Exercise directions: Write out the listing below character for character, though without its pictures.

Data segment:
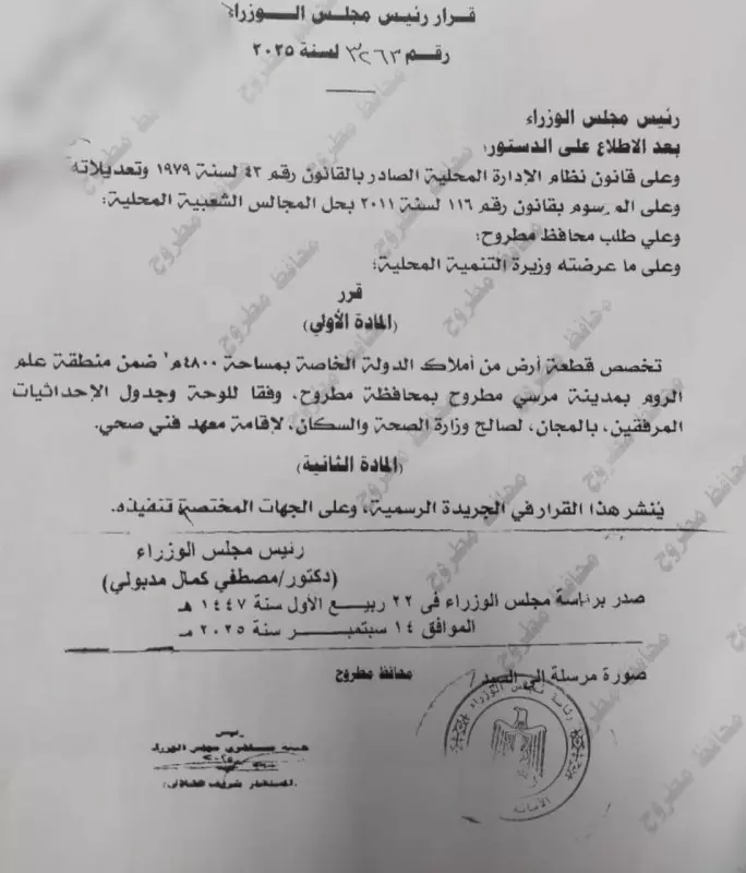 أعلن اللواء خالد شعيب محافظ مطروح ، عن صدور قرار الدكتور مصطفى مدبولي رئيس مجلس الوزراء، بالموافقة على تخصيص مساحة 4800 متر مربع لصالح وزارة الصحة لإقامة معهد فنى صحى بمنطقة علم الروم بمدينة مرسى مطروح .
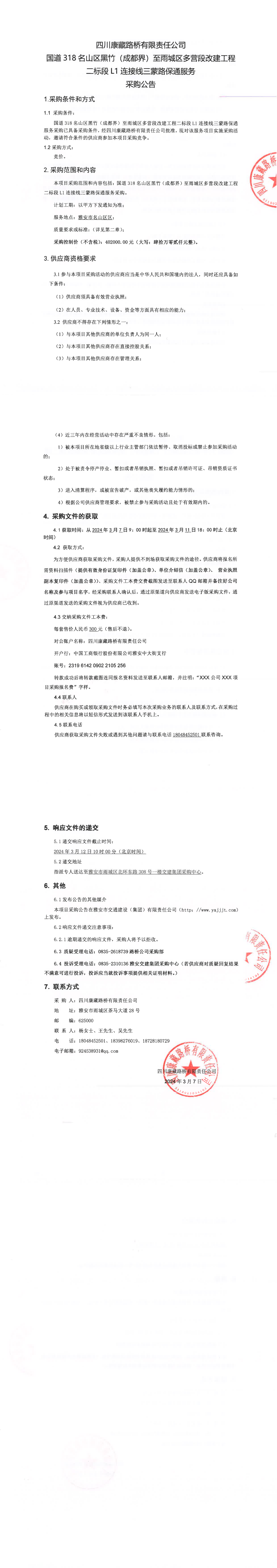 四川康藏路橋有限責(zé)任公司國(guó)道318名山區(qū)黑竹(成都界)至雨城區(qū)多營(yíng)段改建工程二標(biāo)段L1連接線三蒙路保通服務(wù)采購(gòu)公告
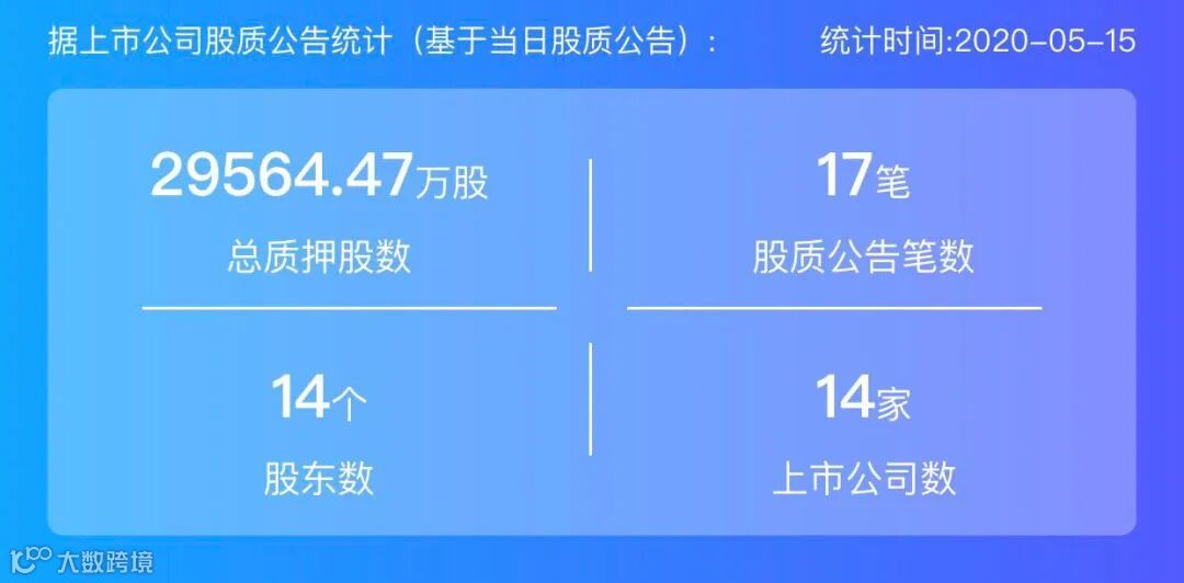 2020年5月15日,股票质押总质押股数29564.47万股,上市公司数14家,股质公告笔数17笔,股东数14个。

Answer box:
 أعلن اللواء خالد شعيب محافظ مطروح ، عن صدور قرار الدكتور مصطفى مدبولي رئيس مجلس الوزراء، بالموافقة على تخصيص مساحة 4800 متر مربع لصالح وزارة الصحة لإقامة معهد فنى صحى بمنطقة علم الروم بمدينة مرسى مطروح .
 四川康藏路橋有限責(zé)任公司國(guó)道318名山區(qū)黑竹(成都界)至雨城區(qū)多營(yíng)段改建工程二標(biāo)段L1連接線三蒙路保通服務(wù)采購(gòu)公告
 2020年5月15日,股票质押总质押股数29564.47万股,上市公司数14家,股质公告笔数17笔,股东数14个。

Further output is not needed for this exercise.